(Task directions): Your task is to return all the entries below exactly, with every picture omitted.

(Record set):
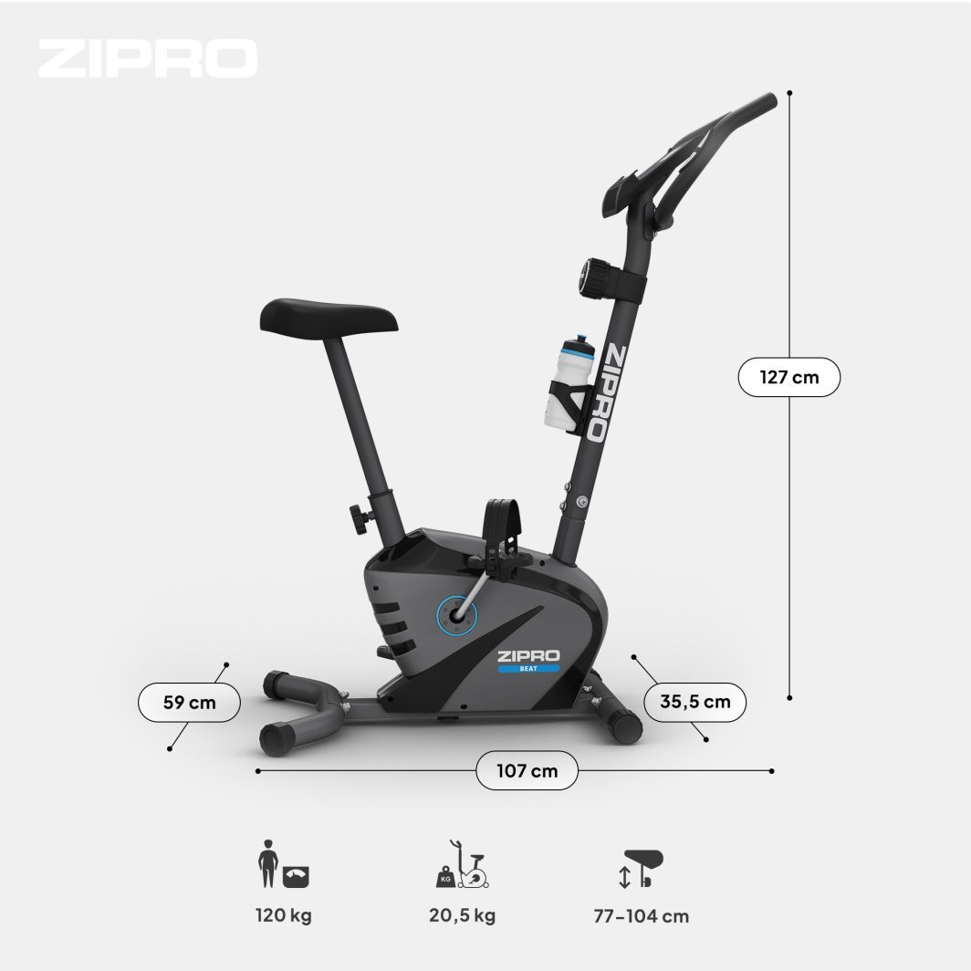 ZIPRO Beat Регулярна фізична активність – це перевірений шлях до здоров’я, форми та гарного настрою. Виконуйте свої плани щодо фітнесу, не виходячи з дому!Велотренажер Beat ZIPRO – це ключ до схуднення, покращення фізичної форми та ефективного спалювання калорій.З ним ваша квартира перетворюється на міні-спортзал, а ви можете піклуватися про свою фізичну форму, незважаючи на щоденний хаос.Почніть піклуватися про свою фізичну форму вже сьогодні та відкрийте в собі нову енергію!Велосипед ZIPRO Beat допоможе вам втілити ваші мрії про хорошу фізичну форму, струнку фігуру і сильні м’язи.Його конструкція з широкими та відповідним чином профільованими основами гарантує стійкість, а вирівнювальні накладки дозволяють розмістити велосипед на будь-якій поверхні, навіть нерівній.Тренуйтеся ефективніше, вимірювайте свій прогрес!Багатофункціональний комп’ютер – сильна сторона велосипеда Beat.Завдяки чіткому дисплею ви можете відстежувати найважливіші параметри тренування, а функція сканування автоматично перемикає інформацію, що відображається.Контролюйте свої тренування та досягайте своїх цілей. Завдяки комп’ютеру ви можете програмувати тренування, встановлюючи час їзди, відстань і кількість калорій.Комп’ютер підраховує ці значення в зворотному порядку, а коли відлік закінчується, лунає звуковий сигнал.Це значно спрощує планування та досягнення цілей навчання.Поєднуйте приємне з корисним: навчання та онлайн!Завжди залишайтеся на зв’язку, навіть під час навчання.Телефон на підставці, повідомлення під контролем.Beat – це велосипед, який забезпечить вам максимальний комфорт і задоволення від їзди. Для ефективного тренування на велотренажері необхідна правильна постава.Щоб забезпечити комфорт під час тривалих вправ, важливо, щоб обладнання оптимально підходило до фігури тренуючого.Вибираючи тренажер, зверніть увагу на його вантажопідйомність, яка залежить від вашої ваги та зросту.Відповідна вантажопідйомність має вирішальне значення для комфорту та безпеки під час тренувань.ZIPRO Beat – велосипед зі стабільною структурою, що дозволяє персоналізувати налаштування.Завдяки цьому ви можете легко налаштувати його відповідно до своїх потреб, щоб займатися безпечно та ефективно.Ви можете легко і зручно встановити: висоту сідла (діапазон 77-104 см від землі), опір (8 рівнів), стабілізацію стопи на педалях. Сучасна естетика і практичні рішення в одному. Зручне сідло – запорука комфортних тренувань. Ергономічна форма і м’яка піна роблять вправи задоволенням.Тренуйтеся, не турбуючись про положення ваших ніг!Комфорт і безпека під час тренувань важливі.Тому педалі мають нековзку поверхню та регульовані ремінці, які стабілізують ноги.Регулюйте інтенсивність тренувань у будь-який час. Легке регулювання магнітного опору за допомогою великої ручки дозволяє в будь-який час налаштувати тренування відповідно до ваших потреб.Технічні характеристики: Максимальна вага користувача: 120 кг Розміри: Розміри (довжина х ширина х висота): 107x59x127 см Вага: 20,5 кг Транспортні розміри: 725x255x515 мм / 22,9 кг Система опору: магнітна Регулювання: ручне Кількість рівнів навантаження: 8 Комп’ютер: РК-дисплей Вимірювані параметри: час, швидкість, відстань, загальна дистанція (ODO), калорії, пульс Функція SCAN циклічне відображення параметрів тренування Зворотний відлік заданого 
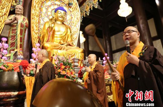 在吉祥钟亭,南山寺达定法师带领僧众举行撞钟祈福仪式。达定法师引领游客从1到108按顺序撞响辞旧迎新的吉祥钟。
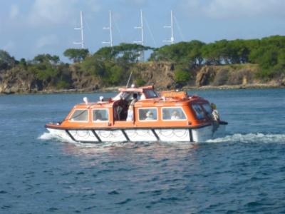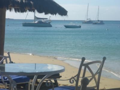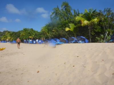 Ein Rettungsboot nach dem anderen tuckert aus der Nachbarbucht herbei und entlädt die Exclusiv-Urlauber am Dinghi-Steg. Wir staunen nicht schlecht, als wir erkennen können, was sich während unseres Morgenplausches am Strand so alles getan hat: Etwa 30 königsblaue, große Sonnenschirme sind – eher als Windschutz – mit der Öffnung zum Strand hin, schräg in den Sand gesteckt, königsblaue Liegen mit matt-golden schimmernden Füßen und farblich passenden Strandlaken warten auf die Benutzer, die Strandbar, ein weißes Zelt, hält alles für den Durstigen bereit und die Klänge der Steelband überziehen angenehm die Bucht.
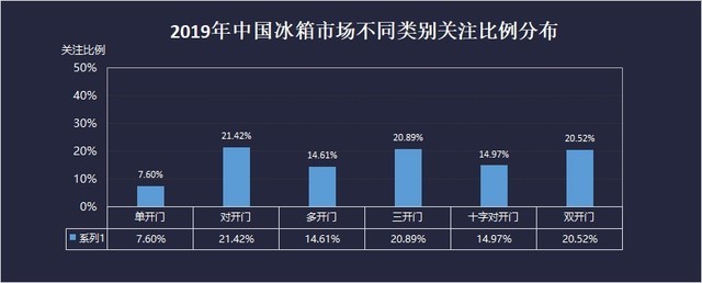 反映到数据方面来看,对开门、十字对开门、多门冰箱关注度较高,对比上半年ZDC数据报告来看变化不大。十字对开门与多门冰箱的关注度接近30%,比上半年关注度略有提升。
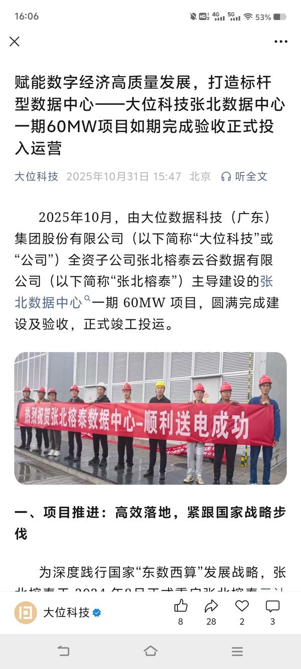 $大位科技(SH600589)$
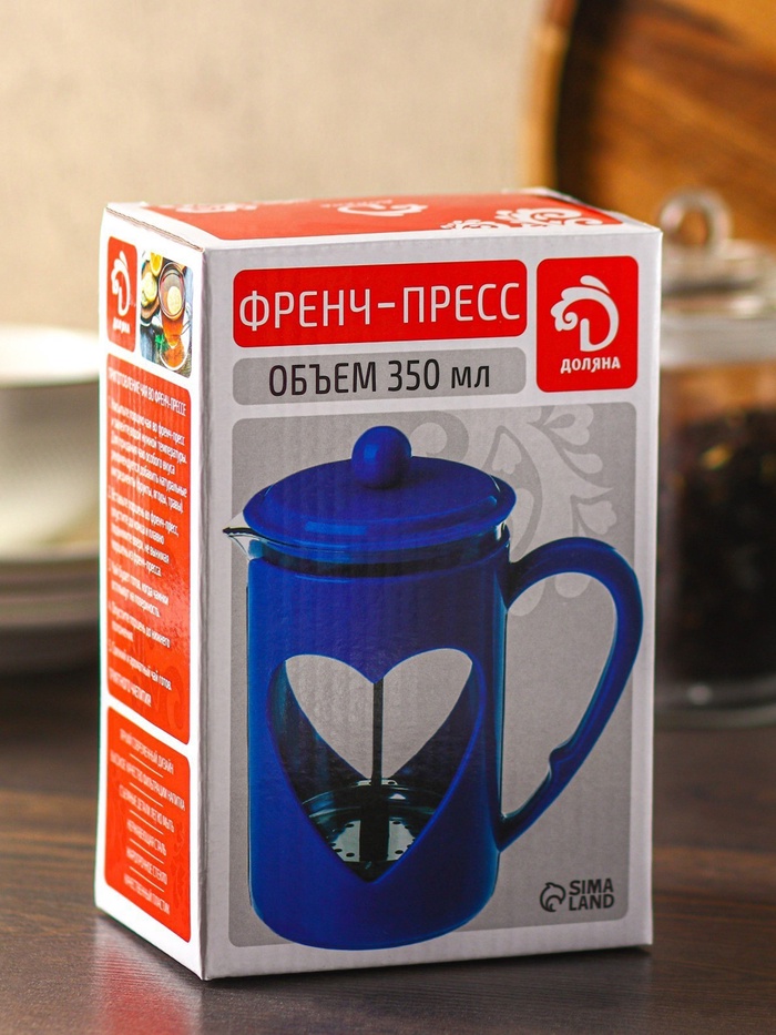 Заварочный чайник френч-пресс Доляна «Классика», 350 мл, стекло, красный 7 фото

(Response area):
 ZIPRO Beat Регулярна фізична активність – це перевірений шлях до здоров’я, форми та гарного настрою. Виконуйте свої плани щодо фітнесу, не виходячи з дому!Велотренажер Beat ZIPRO – це ключ до схуднення, покращення фізичної форми та ефективного спалювання калорій.З ним ваша квартира перетворюється на міні-спортзал, а ви можете піклуватися про свою фізичну форму, незважаючи на щоденний хаос.Почніть піклуватися про свою фізичну форму вже сьогодні та відкрийте в собі нову енергію!Велосипед ZIPRO Beat допоможе вам втілити ваші мрії про хорошу фізичну форму, струнку фігуру і сильні м’язи.Його конструкція з широкими та відповідним чином профільованими основами гарантує стійкість, а вирівнювальні накладки дозволяють розмістити велосипед на будь-якій поверхні, навіть нерівній.Тренуйтеся ефективніше, вимірювайте свій прогрес!Багатофункціональний комп’ютер – сильна сторона велосипеда Beat.Завдяки чіткому дисплею ви можете відстежувати найважливіші параметри тренування, а функція сканування автоматично перемикає інформацію, що відображається.Контролюйте свої тренування та досягайте своїх цілей. Завдяки комп’ютеру ви можете програмувати тренування, встановлюючи час їзди, відстань і кількість калорій.Комп’ютер підраховує ці значення в зворотному порядку, а коли відлік закінчується, лунає звуковий сигнал.Це значно спрощує планування та досягнення цілей навчання.Поєднуйте приємне з корисним: навчання та онлайн!Завжди залишайтеся на зв’язку, навіть під час навчання.Телефон на підставці, повідомлення під контролем.Beat – це велосипед, який забезпечить вам максимальний комфорт і задоволення від їзди. Для ефективного тренування на велотренажері необхідна правильна постава.Щоб забезпечити комфорт під час тривалих вправ, важливо, щоб обладнання оптимально підходило до фігури тренуючого.Вибираючи тренажер, зверніть увагу на його вантажопідйомність, яка залежить від вашої ваги та зросту.Відповідна вантажопідйомність має вирішальне значення для комфорту та безпеки під час тренувань.ZIPRO Beat – велосипед зі стабільною структурою, що дозволяє персоналізувати налаштування.Завдяки цьому ви можете легко налаштувати його відповідно до своїх потреб, щоб займатися безпечно та ефективно.Ви можете легко і зручно встановити: висоту сідла (діапазон 77-104 см від землі), опір (8 рівнів), стабілізацію стопи на педалях. Сучасна естетика і практичні рішення в одному. Зручне сідло – запорука комфортних тренувань. Ергономічна форма і м’яка піна роблять вправи задоволенням.Тренуйтеся, не турбуючись про положення ваших ніг!Комфорт і безпека під час тренувань важливі.Тому педалі мають нековзку поверхню та регульовані ремінці, які стабілізують ноги.Регулюйте інтенсивність тренувань у будь-який час. Легке регулювання магнітного опору за допомогою великої ручки дозволяє в будь-який час налаштувати тренування відповідно до ваших потреб.Технічні характеристики: Максимальна вага користувача: 120 кг Розміри: Розміри (довжина х ширина х висота): 107x59x127 см Вага: 20,5 кг Транспортні розміри: 725x255x515 мм / 22,9 кг Система опору: магнітна Регулювання: ручне Кількість рівнів навантаження: 8 Комп’ютер: РК-дисплей Вимірювані параметри: час, швидкість, відстань, загальна дистанція (ODO), калорії, пульс Функція SCAN циклічне відображення параметрів тренування Зворотний відлік заданого 
 在吉祥钟亭,南山寺达定法师带领僧众举行撞钟祈福仪式。达定法师引领游客从1到108按顺序撞响辞旧迎新的吉祥钟。
 Ein Rettungsboot nach dem anderen tuckert aus der Nachbarbucht herbei und entlädt die Exclusiv-Urlauber am Dinghi-Steg. Wir staunen nicht schlecht, als wir erkennen können, was sich während unseres Morgenplausches am Strand so alles getan hat: Etwa 30 königsblaue, große Sonnenschirme sind – eher als Windschutz – mit der Öffnung zum Strand hin, schräg in den Sand gesteckt, königsblaue Liegen mit matt-golden schimmernden Füßen und farblich passenden Strandlaken warten auf die Benutzer, die Strandbar, ein weißes Zelt, hält alles für den Durstigen bereit und die Klänge der Steelband überziehen angenehm die Bucht.
 反映到数据方面来看,对开门、十字对开门、多门冰箱关注度较高,对比上半年ZDC数据报告来看变化不大。十字对开门与多门冰箱的关注度接近30%,比上半年关注度略有提升。
 $大位科技(SH600589)$
 Заварочный чайник френч-пресс Доляна «Классика», 350 мл, стекло, красный 7 фото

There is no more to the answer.